Venn diagrams showing the number of transcripts that are differentially expressed in response to poly (I:C) (orange circles), LPS (green circles), and CpG DNA (blue circles) in RAW 264.7 macrophages at (A) 6 hours and (B) 24 hours post-treatment. Differentially expressed genes are defined as those significant at 1% FDR by SAM and with ≥2 fold up- or down-regulation (compared to media control). Differentially expressed transcripts are listed in Supplemental Tables 2 and 3.

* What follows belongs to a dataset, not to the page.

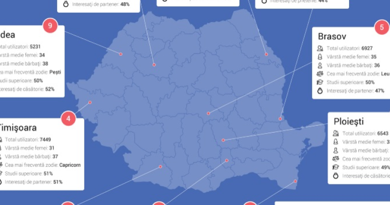În top 10 orașe active pe site-ul de dating se mai numără Timișoara, Brașov, Ploiești, Constanța, Galați, Oradea și Craiova. Cea mai scăzută medie a vârstei se regăsește în Galați, unde aceasta este de 26 de ani, în cazul femeilor, iar în cazul bărbaților - 30 de ani. În Constanța se înregistrează cel mai mare procent de utilizatori interesați de flirt (45%), iar în Oradea cei mai mulți (52%) își doresc să se căsătorească și de aceea se află pe Sentimente.ro.
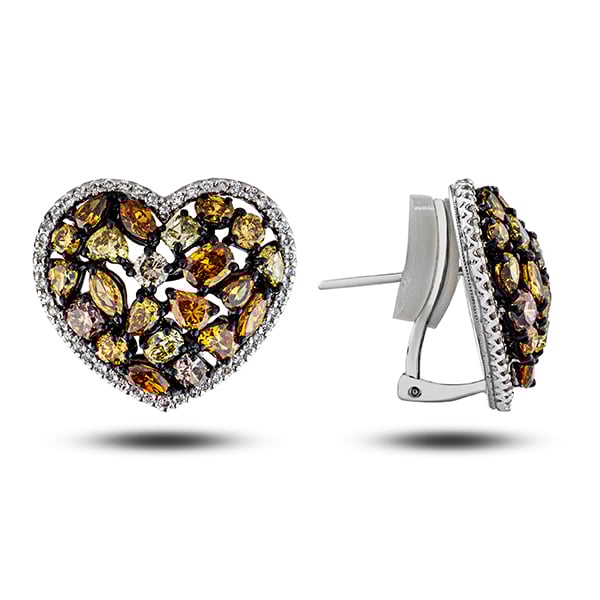 Fancy Desert Diamond Heart Shaped Mosaic Earrings in 18K White Gold

At both time-points, we found that poly (I:C) and LPS elicit a more pronounced transcriptional response than does CpG DNA both 6 and 24 hours post-treatment. To ensure that this observation was not simply a result of the doses of the three PAMPs we chose for this study, we examined gene expression levels of all genes that are differentially expressed in response to all three PAMPs at 6 hours post stimulation (Supplemental Table 1). It is apparent from data in Supplemental Table 1 that fold change in response to CpG DNA stimulation is often comparable and sometimes exceeds that of poly (I:C). This finding strongly suggests that the reduced transcriptional response of macrophages to CpG stimulation is not a result of the dose of CpG DNA used in our study; rather, this is a biological phenomenon that has been described in a previous study (Gao et al., 2003). Moreover, it is important to note that we chose concentrations of LPS, poly (I:C), and CpG DNA based on our previous studies (Jiang et al., 2007; Jiang and Pisetsky, 2006) in which we show comparable cytokine production at the PAMP concentrations but differences in apoptosis and HMGB1 release.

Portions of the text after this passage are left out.